After the secondary transfer, the intermediate transfer belt B has any adhering matter or the like on its surface cleaned by a belt cleaner CLb.
The recording paper S onto which the toner image has been secondarily transferred is heated and fixed when passing through a fixing area Q5.
When post-processing is performed on the recording paper S with the image fixed thereon, the recording paper S is transported to a finisher U4, which is an example of a post-processing device installed in the lower paper discharge tray TRh. When post-processing is not performed on the recording paper S, the recording paper S is transported to the upper paper discharge tray TRh2. When the recording paper S is transported to the lower paper discharge tray TRh, the gate GT1 moves to the first guide position. Therefore, the recording paper S sent out from the fixing device F is transported along the paper discharge path SH3. The recording paper S transported along the paper discharge path SH3 is transported by the paper discharge rollers Rh toward the finisher U4 and the lower paper discharge tray TRh.
The finisher U4 performs a binding process, which is an example of post-processing, on the recording paper S, and then discharges the recording paper S onto a lower paper discharge tray TRh.

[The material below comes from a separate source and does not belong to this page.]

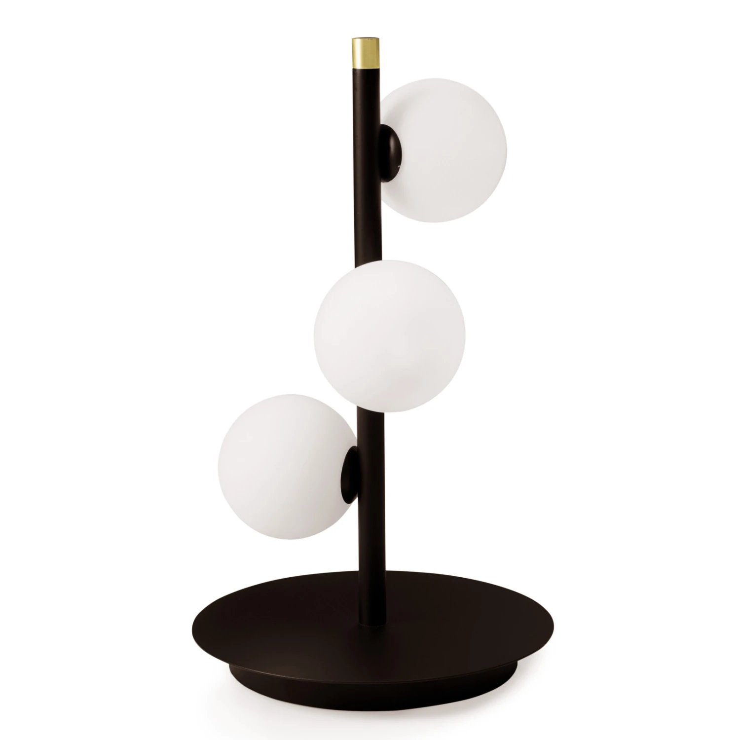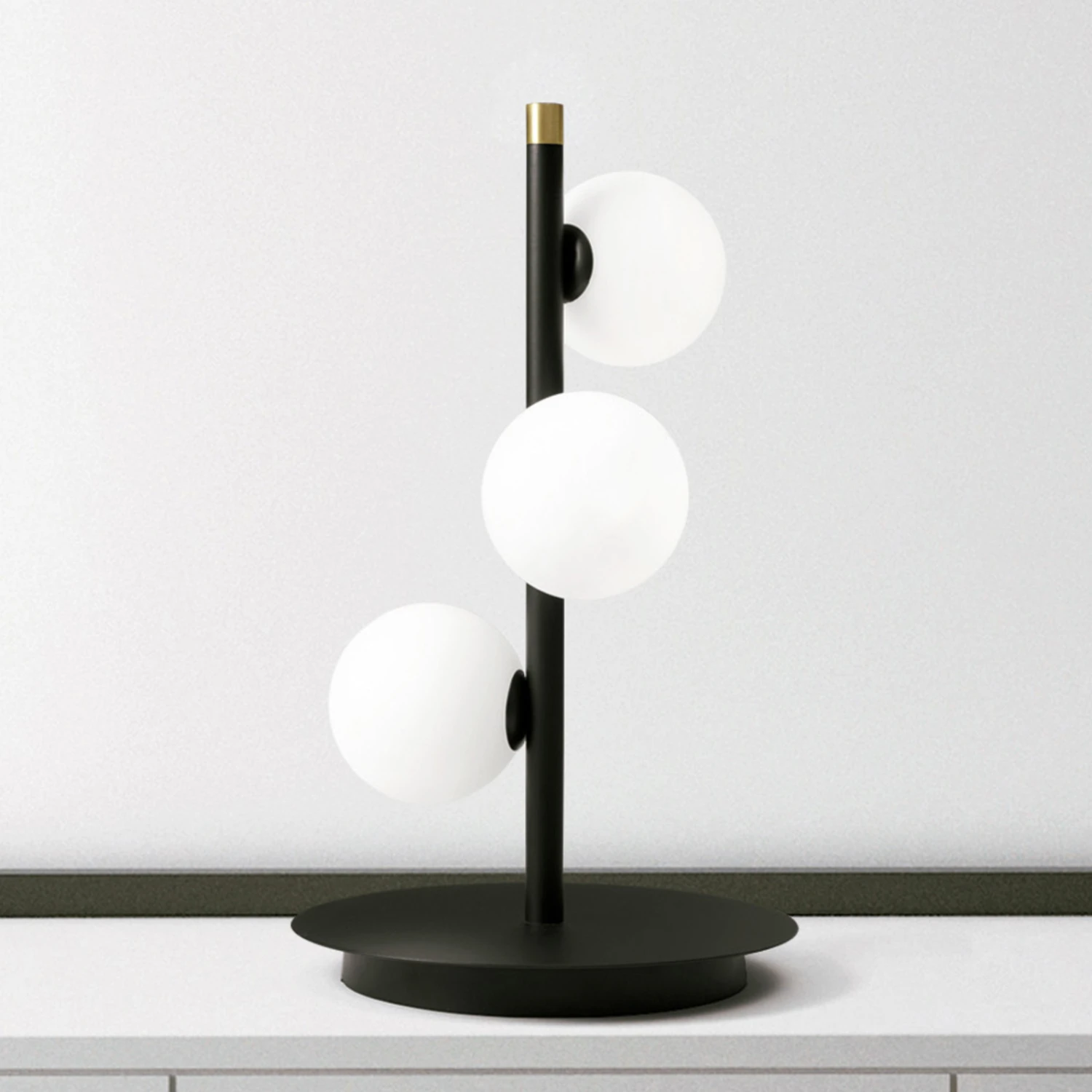 Les couleurs noir et blanc forment ensemble une combinaison de couleurs intemporelle et toujours moderne, ce qui fait de la lampe de table Pomi une source de lumière qui peut être intégrée dans de nombreux meubles. Les sphères de verre sont asymétriques et sont fixées à la tige de la lampe à différentes hauteurs dans toutes les directions. Cela permet d’éclairer tout autour et de créer un jeu d’effets de lumière et d’ombre passionnant.

When the recording paper S is discharged onto the upper discharge tray TRh2, the gate GT1 moves to the second guiding position, and the recording paper S is discharged onto the upper discharge tray TRh2.
When the recording paper S is printed on both sides, the gate GT1 moves to the second guide position. Then, when the trailing edge of the recording paper S passes through the gate GT1, the gate GT1 moves to the first guide position and the reversing roller Rb rotates in the reverse direction. Therefore, the recording paper S is guided by the gate GT1 and sent to the reversing path SH6. The recording paper S transported through the reversing path SH6 is sent to the registration roller Rr in an inverted state.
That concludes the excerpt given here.